==== Task material

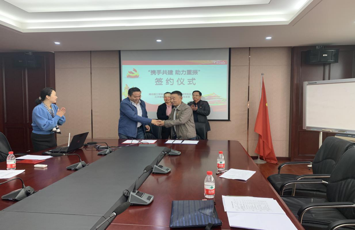 徐滤非与胡云飞代表双方签订“携手共建、助力重振”合作协议,吕俊和胡云飞为叶茂同志颁发“三丰智能集团有限公司党建指导员”聘书。随后,双方为落实落细党建合作、产品研发、科技创新、人才联合培养等工作进行了热烈的讨论,并参观了集团党员活动室、校企合作专家工作室、集团展厅等。
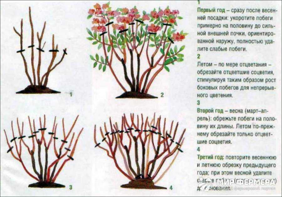 После такой процедуры от ранее пышного куста остаются одни пеньки. Но не нужно опасаться, что растение погибнет: постепенно на месте старых веток образуются молодые цветущие побеги.
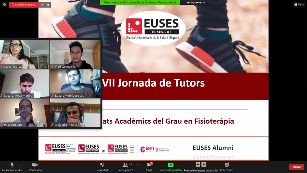 EUSES Alumni, conjuntamente con la asignatura de Prácticum del Grado en Fisioterapia, organizó por séptimo año consecutivo la Jornada de Tutores, que esta vez tuvo formato “on-line” a causa de la pandemia del Còvid 19. La formación, que se realizó a través de la plataforma Zoom, contó con una cuarentena de asistentes entre miembros de Alumni y estudiantes de cuarto curso de los campus de Salt, Bellvitge y Terres de l’Ebre. La charla la impartieron responsables de EUSES Alumni, como la directora Sílvia Roche i Prudence Morgan-Wood; y la profesora y coordinadora de Prácticum, Nuria Puigtió. Durante la jornada se expusieron temas como los detalles necesarios para poder formar parte del grupo de tutores, el protocolo de tratamiento unificado y las funciones que tienen que ejercer los tutores en los voluntariados así como otros aspectos más generales relacionados con Alumni.
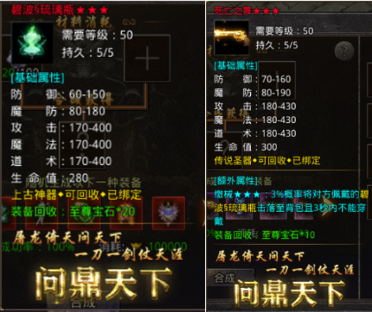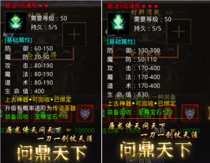 下图为3阶神器与3阶圣器(同部位)的基础属性对比,圣器除基础属性比同阶神器高外,还多了个“缴械”的特技,效果是概率击落对手同部位的神器(包括低阶圣器)且3秒内不能穿戴。这效果可是相当强大,若对战时触发效果,无论是击落对手的琉璃瓶使其吸血的套装效果失效,还是击落其玲珑塔导致不能复活,都能令自己处于优势。
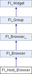 The Fl_Hold_Browser is a subclass of Fl_Browser which lets the user select a single item, or no items by clicking on the empty space. More...
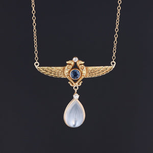 The center component depicts two birds with outstretched wings with sapphire and diamond accents and a shimmery moonstone drop. The entire piece is 14k gold.
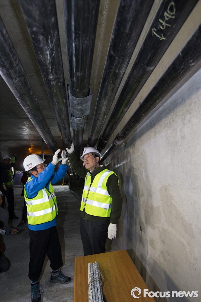 (서울=포커스뉴스) 박원순 서울시장이 17일 오전 통행재개를 앞둔 서울 내부순환로를 점검하기 위해 정릉천고가 교량 상부구조물 내부에서 시설관리공단 관계자와 함께 일부 교체를 마친을 텐던 및 부품을 살펴보고 있다.
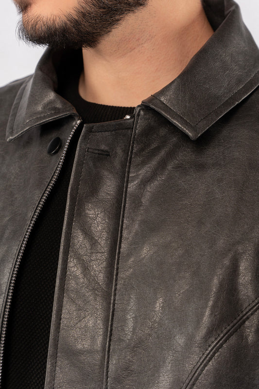 LIGHT BROWN TRUCKER LEATHER JACKET
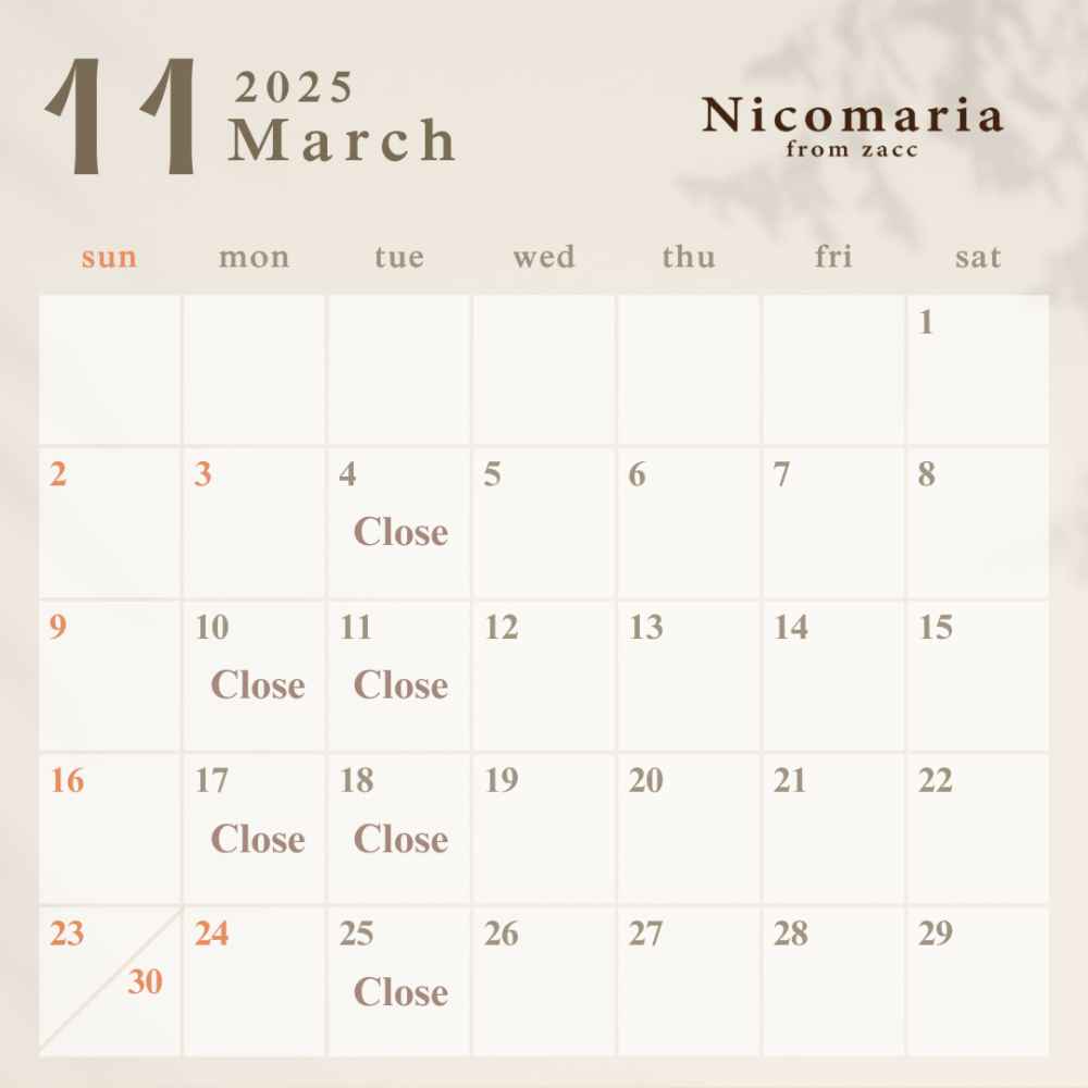 11月の休業日のお知らせ 2025年10月23日 最終更新日時 : 2025年10月23日 nicomaria いつも当店をご利用ありがとうございます。下記日程でお休みさせていただきます。 お客様にはご不便をおかけ致しますが、何卒ご理解とご協力をお願い致します。

========

**Your instructions**: Leaving the pictures out, reproduce the entries above exactly.

**Output**:
 徐滤非与胡云飞代表双方签订“携手共建、助力重振”合作协议,吕俊和胡云飞为叶茂同志颁发“三丰智能集团有限公司党建指导员”聘书。随后,双方为落实落细党建合作、产品研发、科技创新、人才联合培养等工作进行了热烈的讨论,并参观了集团党员活动室、校企合作专家工作室、集团展厅等。
 После такой процедуры от ранее пышного куста остаются одни пеньки. Но не нужно опасаться, что растение погибнет: постепенно на месте старых веток образуются молодые цветущие побеги.
 EUSES Alumni, conjuntamente con la asignatura de Prácticum del Grado en Fisioterapia, organizó por séptimo año consecutivo la Jornada de Tutores, que esta vez tuvo formato “on-line” a causa de la pandemia del Còvid 19. La formación, que se realizó a través de la plataforma Zoom, contó con una cuarentena de asistentes entre miembros de Alumni y estudiantes de cuarto curso de los campus de Salt, Bellvitge y Terres de l’Ebre. La charla la impartieron responsables de EUSES Alumni, como la directora Sílvia Roche i Prudence Morgan-Wood; y la profesora y coordinadora de Prácticum, Nuria Puigtió. Durante la jornada se expusieron temas como los detalles necesarios para poder formar parte del grupo de tutores, el protocolo de tratamiento unificado y las funciones que tienen que ejercer los tutores en los voluntariados así como otros aspectos más generales relacionados con Alumni.
 下图为3阶神器与3阶圣器(同部位)的基础属性对比,圣器除基础属性比同阶神器高外,还多了个“缴械”的特技,效果是概率击落对手同部位的神器(包括低阶圣器)且3秒内不能穿戴。这效果可是相当强大,若对战时触发效果,无论是击落对手的琉璃瓶使其吸血的套装效果失效,还是击落其玲珑塔导致不能复活,都能令自己处于优势。
 The Fl_Hold_Browser is a subclass of Fl_Browser which lets the user select a single item, or no items by clicking on the empty space. More...
 The center component depicts two birds with outstretched wings with sapphire and diamond accents and a shimmery moonstone drop. The entire piece is 14k gold.
 (서울=포커스뉴스) 박원순 서울시장이 17일 오전 통행재개를 앞둔 서울 내부순환로를 점검하기 위해 정릉천고가 교량 상부구조물 내부에서 시설관리공단 관계자와 함께 일부 교체를 마친을 텐던 및 부품을 살펴보고 있다.
 LIGHT BROWN TRUCKER LEATHER JACKET
 11月の休業日のお知らせ 2025年10月23日 最終更新日時 : 2025年10月23日 nicomaria いつも当店をご利用ありがとうございます。下記日程でお休みさせていただきます。 お客様にはご不便をおかけ致しますが、何卒ご理解とご協力をお願い致します。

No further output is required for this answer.